[Provided data — start]

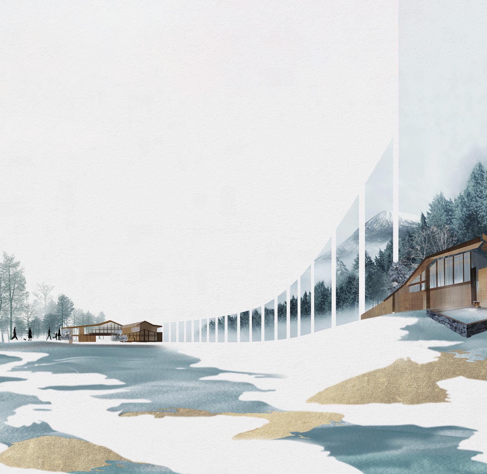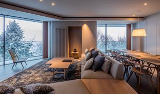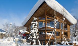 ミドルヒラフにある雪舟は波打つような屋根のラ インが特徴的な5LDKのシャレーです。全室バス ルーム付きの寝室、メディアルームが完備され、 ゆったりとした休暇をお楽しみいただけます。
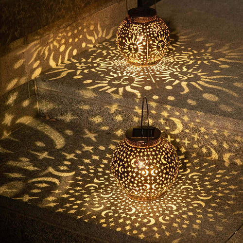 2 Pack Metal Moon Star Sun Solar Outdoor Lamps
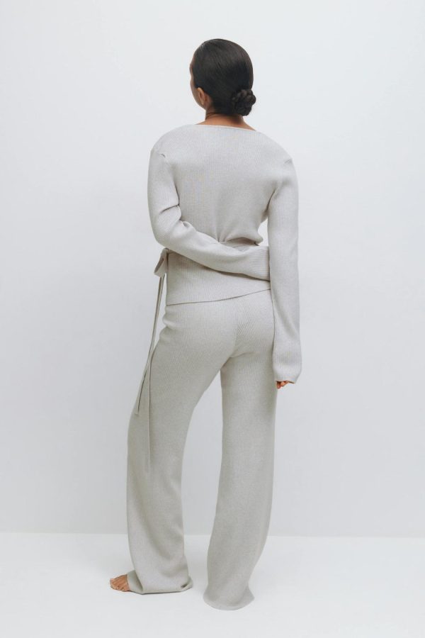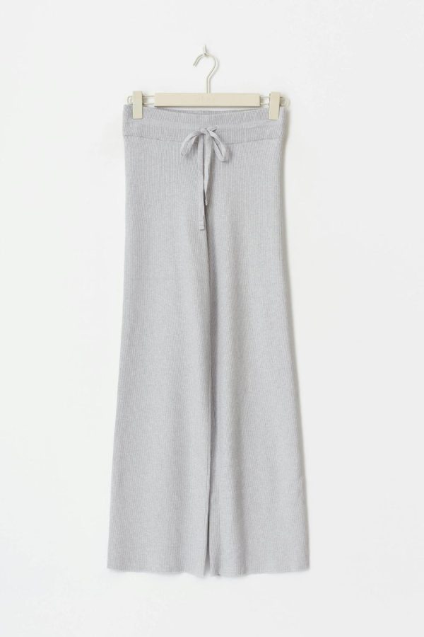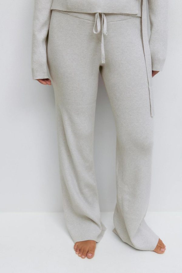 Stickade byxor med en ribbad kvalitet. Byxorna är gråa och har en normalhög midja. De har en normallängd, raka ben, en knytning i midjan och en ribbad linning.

[Provided data — finish]

* **Exercise brief**
Pictures included in the data should be dropped; everything else must be repeated exactly.

* **Your solution**
 ミドルヒラフにある雪舟は波打つような屋根のラ インが特徴的な5LDKのシャレーです。全室バス ルーム付きの寝室、メディアルームが完備され、 ゆったりとした休暇をお楽しみいただけます。
 2 Pack Metal Moon Star Sun Solar Outdoor Lamps
 Stickade byxor med en ribbad kvalitet. Byxorna är gråa och har en normalhög midja. De har en normallängd, raka ben, en knytning i midjan och en ribbad linning.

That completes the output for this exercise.